• TASK REQUIREMENTS:
With the material below, print exactly the lines between the line holding "Διακοσμήστε το χώρο" and the line holding "جمعه ۱۷ بهـمن ماه ۱۴۰۴", inclusive. Add nothing else.

• SOURCE INFORMATION:
──────

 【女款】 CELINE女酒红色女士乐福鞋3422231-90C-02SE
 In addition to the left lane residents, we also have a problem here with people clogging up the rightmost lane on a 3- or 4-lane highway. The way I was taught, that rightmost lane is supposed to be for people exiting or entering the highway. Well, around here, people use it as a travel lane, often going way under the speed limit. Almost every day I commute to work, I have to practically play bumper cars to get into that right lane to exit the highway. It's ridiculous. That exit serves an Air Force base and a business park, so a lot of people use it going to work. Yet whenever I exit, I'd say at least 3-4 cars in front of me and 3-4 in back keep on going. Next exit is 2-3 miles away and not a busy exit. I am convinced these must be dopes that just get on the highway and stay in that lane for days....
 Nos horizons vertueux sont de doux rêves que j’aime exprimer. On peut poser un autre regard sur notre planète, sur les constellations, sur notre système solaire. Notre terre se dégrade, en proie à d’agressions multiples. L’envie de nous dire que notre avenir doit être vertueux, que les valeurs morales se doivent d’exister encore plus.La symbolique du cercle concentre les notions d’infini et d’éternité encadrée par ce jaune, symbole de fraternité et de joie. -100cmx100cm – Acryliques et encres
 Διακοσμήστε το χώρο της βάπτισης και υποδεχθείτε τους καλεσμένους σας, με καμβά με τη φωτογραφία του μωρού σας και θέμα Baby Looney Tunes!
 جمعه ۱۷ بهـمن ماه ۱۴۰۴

──────

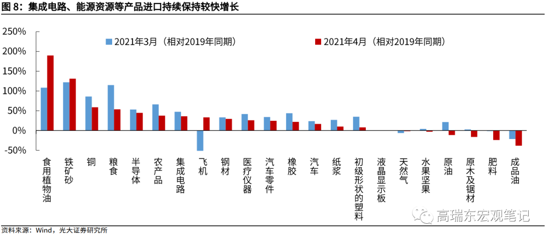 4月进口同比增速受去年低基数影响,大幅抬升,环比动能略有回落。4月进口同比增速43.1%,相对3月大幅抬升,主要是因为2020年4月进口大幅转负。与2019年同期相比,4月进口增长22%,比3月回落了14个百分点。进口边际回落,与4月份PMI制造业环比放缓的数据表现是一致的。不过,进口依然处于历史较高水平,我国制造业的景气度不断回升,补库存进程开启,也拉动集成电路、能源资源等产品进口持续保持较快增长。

──────

• COMPLETED EXERCISE:
 Διακοσμήστε το χώρο της βάπτισης και υποδεχθείτε τους καλεσμένους σας, με καμβά με τη φωτογραφία του μωρού σας και θέμα Baby Looney Tunes!
 جمعه ۱۷ بهـمن ماه ۱۴۰۴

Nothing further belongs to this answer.